Although conventional 2D echocardiogram is diffused into the clinical practice, three-dimensional echocardiogram [3] allows the medical professionals to examine the anatomy of patients and permits virtual run-through of the complicated surgical procedures [4,5]. In the case of the mitral valve, 3D echocardiogram reconstruction provides the ability to visualize the complete dimensionality of the prolapsed mitral valve from multiple views (Parasternal Short Axis (PSAX), Apical 4-Chamber (A4C), and Apical 2-Chamber (A2C) [6]. However, there are some common issues concerning 3D reconstruction including missing gaps and interpolation errors. To overcome these drawbacks, a new method is proposed to reconstruct a 3D volume, which provides the best visualization for the simulation of virtual surgery [7].

The main objective of the proposed approach is to generate the three-dimensional volume and reconstruct the missing areas using the structural and texture information of the volume. The contributions of the proposed work are summarized as follows:

a)   The first stage constitutes the creation of multiplanar volumetric imaging using three cardiac views (Parasternal Short Axis (PSAX), apical 4-Chamber (A4C), and apical 2-Chamber (A2C) respectively.

b)   In the second stage, the 3D approximate nearest neighbor would be applied to shorten the search for the nearest neighborhood voxels of missing regions. To obtain the most similar voxels, a novel Flip Oriented 3D Volume Reconstruction (FD-3DVR) method is proposed which extracts the textural information along the top, bottom, left, and right positions around the missing voxel.

c)   In the third stage, volume and texture directional pyramids are generated to reconstruct the missing regions of the echocardiogram iteratively.

d)   Finally, the proposed FD-3DVR method is analyzed using four different quality metrics namely, peak signal-to-noise ratio (PSNR), feature similarity index (FSIM), structural content (SC), and average difference (AD).

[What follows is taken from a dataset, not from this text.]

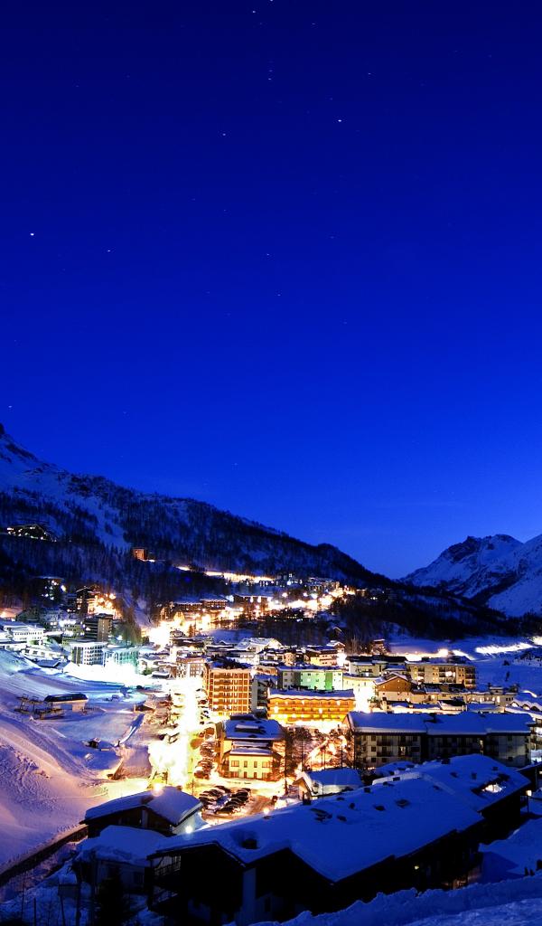 Обои Ночные огни на горнолыжном курорте Червиния, Италия

The rest of the sections are organized as follows: Section 2 describes the related works about 3D reconstruction techniques. Section 3 represents the methodology of 3D Volume Reconstruction followed by experimental results and analysis in Section 4. Finally, Section 5 highlights the work summary and discussions.

2  Related Works

In terms of state-of-the-art approaches, plenty of techniques have been proposed for performing 3D ultrasound reconstruction. Generally, volume reconstruction methods fall into three categories based on implementation [8]: Pixel-Based Methods (PBM), Voxel-Based Methods (VBM), and Function-Based Methods (FBM). In VBM, every voxel in the 3D volume grid is assigned with the value of the nearest pixel in 2D ultrasound input slices. Voxel Nearest Neighbor (VNN) and Distance Weighted (DW) are the most common implementation method in VBM. VNN traverses each voxel in the structured 3D volume grid at a time and assigns a value with the nearest pixel from the acquired 2D slices. Although its downside is that, when the distance between voxel to pixel is too large, reconstruction artifacts including the misalignment of gaps can be observed. Distance Weighted method proceeds across each voxel and replaces the average value of the voxel based on the weighted distance between the pixel and voxel. However, the selected voxels smooth the 3D volume causing information loss in the reconstructed volume.

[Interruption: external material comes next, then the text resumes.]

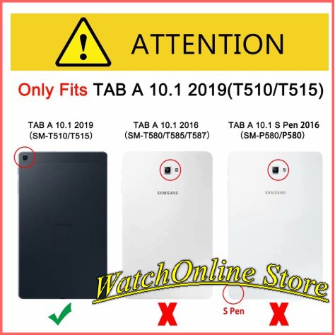 Bao da này chỉ phù hợp với phiên bản 2019 Samsung Galaxy Tab A 10.1 (2019), số mẫu mã chính xác trên máy tính bảng là SM-T510 / SM-T515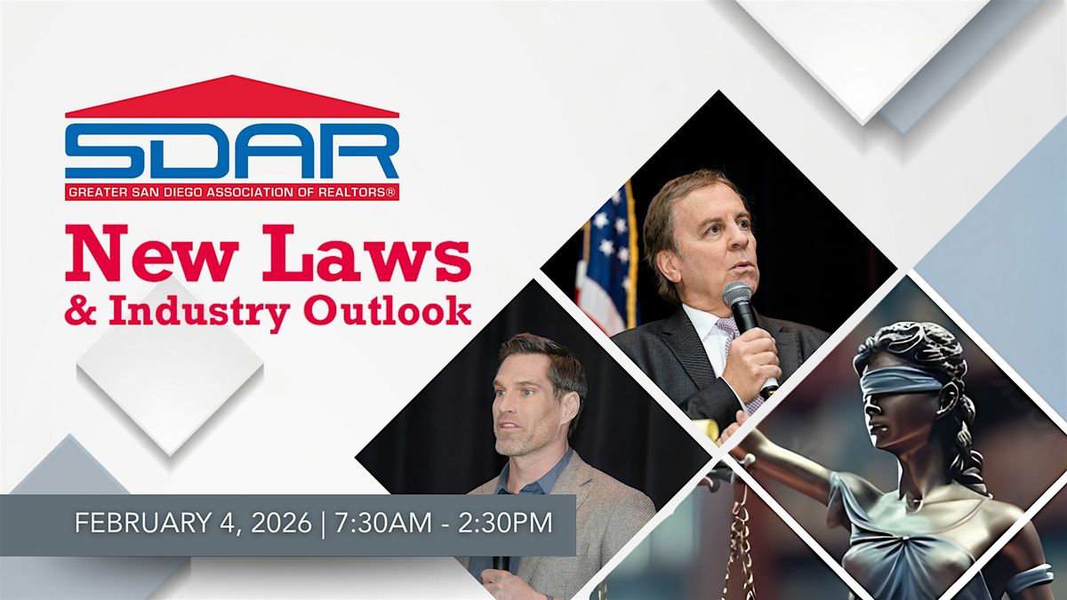 The Greater San Diego Association of REALTORS® invites you to the annual New Laws and Industry Outlook on Wednesday, February 4, 2026 at the The Legacy Resort Hotel & Spa in Mission Valley. This premier event will feature insightful presentations from key leaders shaping the real estate industry.

Pixel-Based Methods (PBM) are used to reconstruct the missing regions in 3D volume by traversing across all the pixels in the 2D ultrasound slices. Pixel-Nearest Neighbor (PNN) and Direct Frame Interpolation (DFI) [9] are the most common forms of pixel based methods. The neighboring voxels are selected based on the parameter valve that defines the distance from the missing voxel to be filled. Besides that, some artifacts within the reconstructed volume have been observed on the edges with this method. Function-Based Methods (FBM) always reconstruct the data in 3D volume depending on functional relationships between voxels. The most widely used FBM methods are Rayleigh interpolation [10] and Radial Basis Function (RBF) [11]. These methods have been reported with moderate reconstruction precision and over-fitting problem are also unavoidable.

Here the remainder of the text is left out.